In that attack, Russian missiles hit an apartment building in Uman, a city about 215 kilometres (135 miles) south of Kyiv, killing 21 people including three children.
In Monday's attack, missiles hit Pavlohrad, in the eastern Dnipropetrovsk region, wounding 34 people, including five children, according to Serhii Lysak the region's top official.
Seven missiles shot at the city and “some were intercepted” but others hit an industrial facility, sparking a fire, and a residential neighbourhood where 19 apartment buildings, 25 homes, six schools and five shops were damaged, he said.
Missiles also hit three other areas in the region, damaging residential buildings and a school, he said. The attacks also damaged Ukraine's power network infrastructure, which will take several days to repair, according to Energy Minister Herman Haluschenko.
He said that nearly 20,000 people in the city of Kherson and wider region had been left without power, along with an unspecified number of people in the Dnipropetrovsk region, including the city of Dnipro.
Moscow has frequently launched long-range missile attacks during the 14-month wa r, often indiscriminately hitting civilian areas. Ukraine has recently taken delivery of American-made Patriot missiles, providing improved anti-missile defences, but it was not clear whether any of them were employed in trying to stop Monday morning's attack.
Ukraine has also been building up its mechanised brigades with armour supplied by its Western allies, who have also been training Ukrainian troops and sending ammunition, as Kyiv prepares for an expected counteroffensive this spring.
On Saturday, two Ukrainian drones hit a Russian oil depot in Crimea in the latest attack on the annexed peninsula as Ukraine gears up for its counteroffensive.

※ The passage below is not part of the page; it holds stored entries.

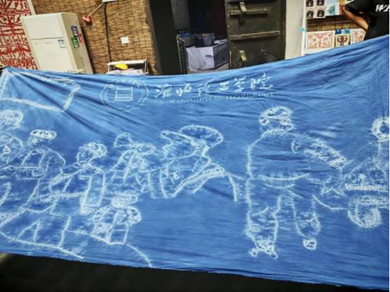 最后一天,实践队决定将红色文化与学到的布艺和扎染知识相融合,共同缝制一幅传承民族生生不息的精神大型扎染作品。队员们分工合作,先仔细将画面轮廓勾勒在布上,再一丝不苟地用针线把线条覆盖,随后将作品浸入染缸一天一夜,等待作品最终的亮相。经过数日的努力,一幅承载着“军民同心、众志成城”红色精神的扎染作品终于完成,成为了此次“三下乡”活动中最有意义的成果之一。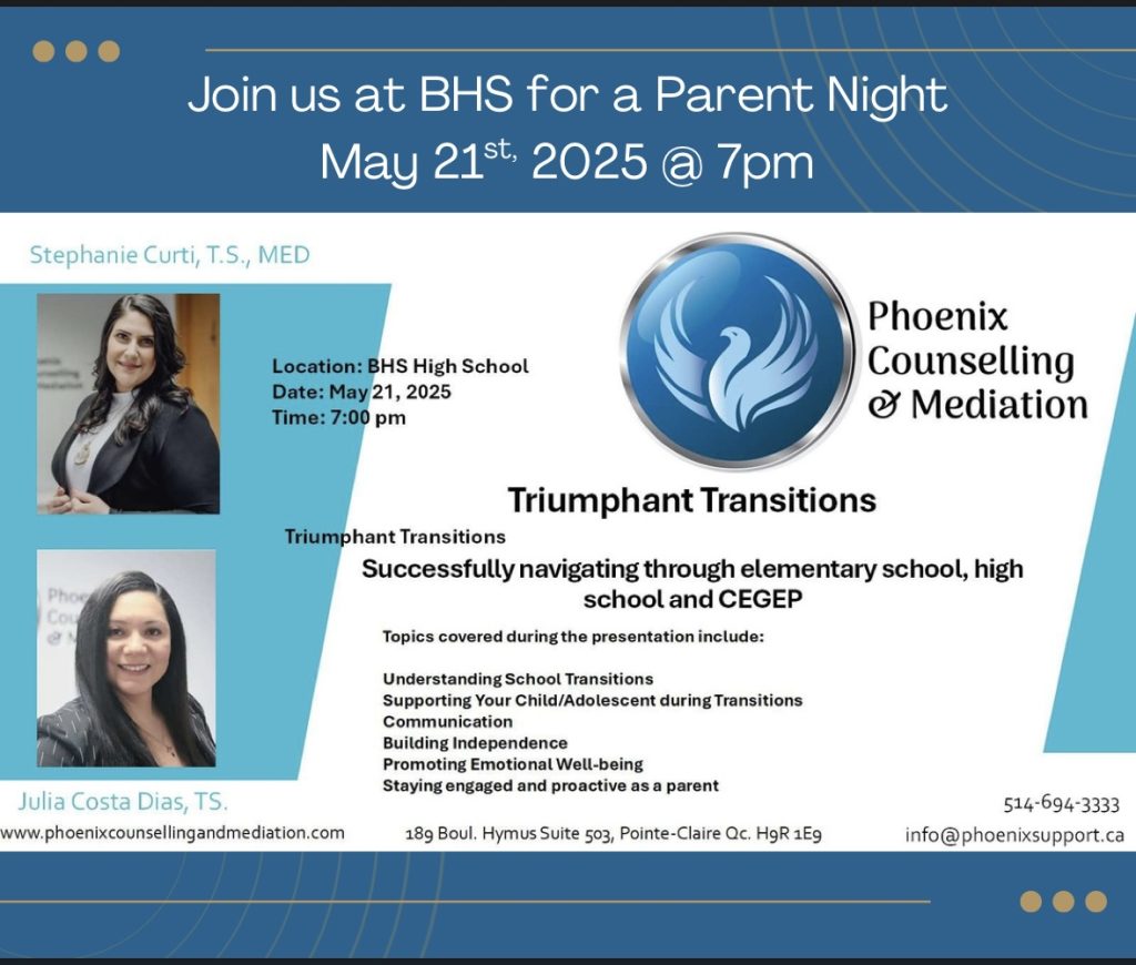 We are thrilled to offer this insightful event, led by one of our own BHS parents!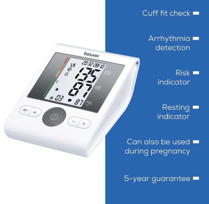 • قياس ضغط الدم والنبض أوتوماتيكيًا بالكامل في أعلى الذراع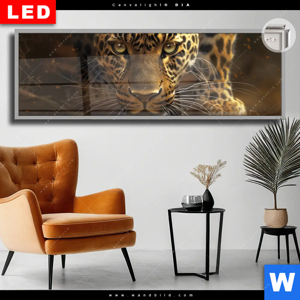 Canvalight® DIA Leuchtbild | Geheimnisvoller Leopard | Panorama
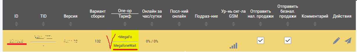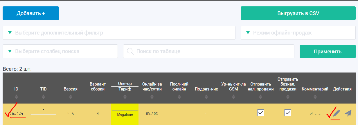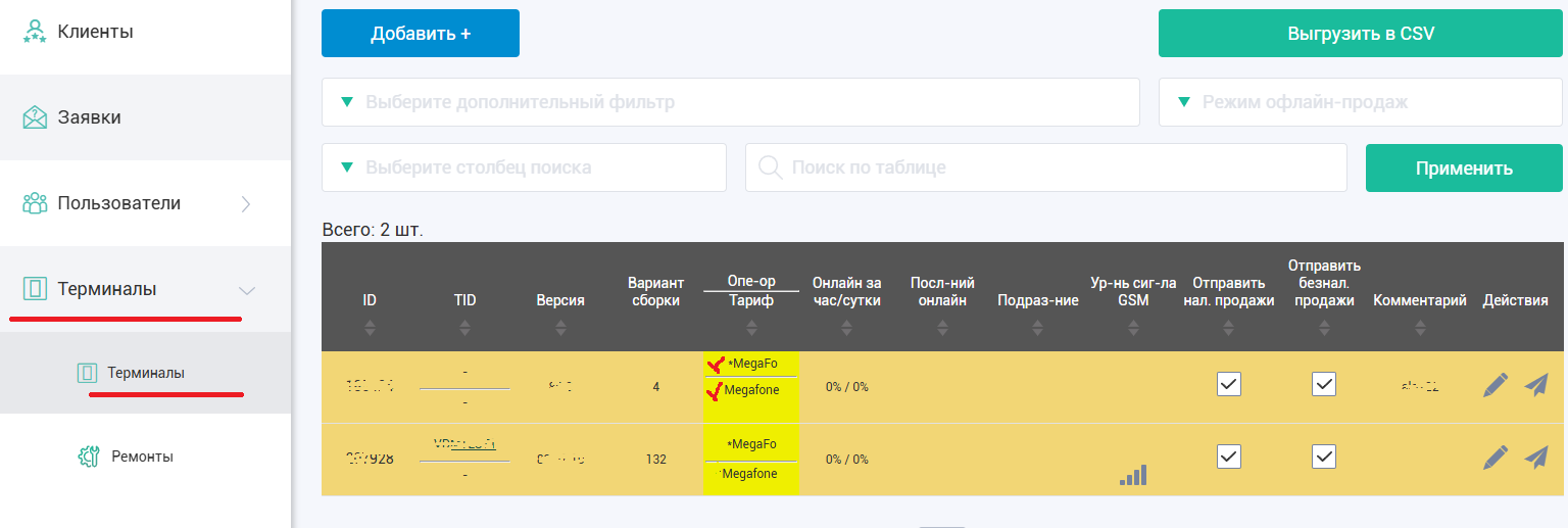 2. Перейти в меню Терминалы и найти терминал, который в меню Оператор подсвечивается желтым цветом и у которого оператор связи Мегафон и установленный тариф Megafone или Megafone3

Ukrainian President Volodymyr Zelenskyy said in an interview last week that his country would seek to reclaim the peninsula annexed by Russia in 2014 in the upcoming counteroffensive.
In what has become a grinding war of attrition, the fiercest battles have been in the eastern Donetsk region, where Russia is struggling to encircle the city of Bakhmut in the face of dogged Ukrainian defence.
Troops from Russia's Wagner mercenary group and other forces are fighting Ukrainian troops there house-to-house to try and gain control of what has become known as the “road of life” — the last remaining road west still in Ukrainian hands, which makes it critical for supplies and fresh troops.
In an interview released on Monday, Col. Gen. Oleksandr Syrskyi, the head of Ukrainian ground forces, said that Russia continues to exert “maximum effort” to take the city but that it so far has failed.“In some parts of the city, the enemy was counterattacked by our units and left some positions," he said.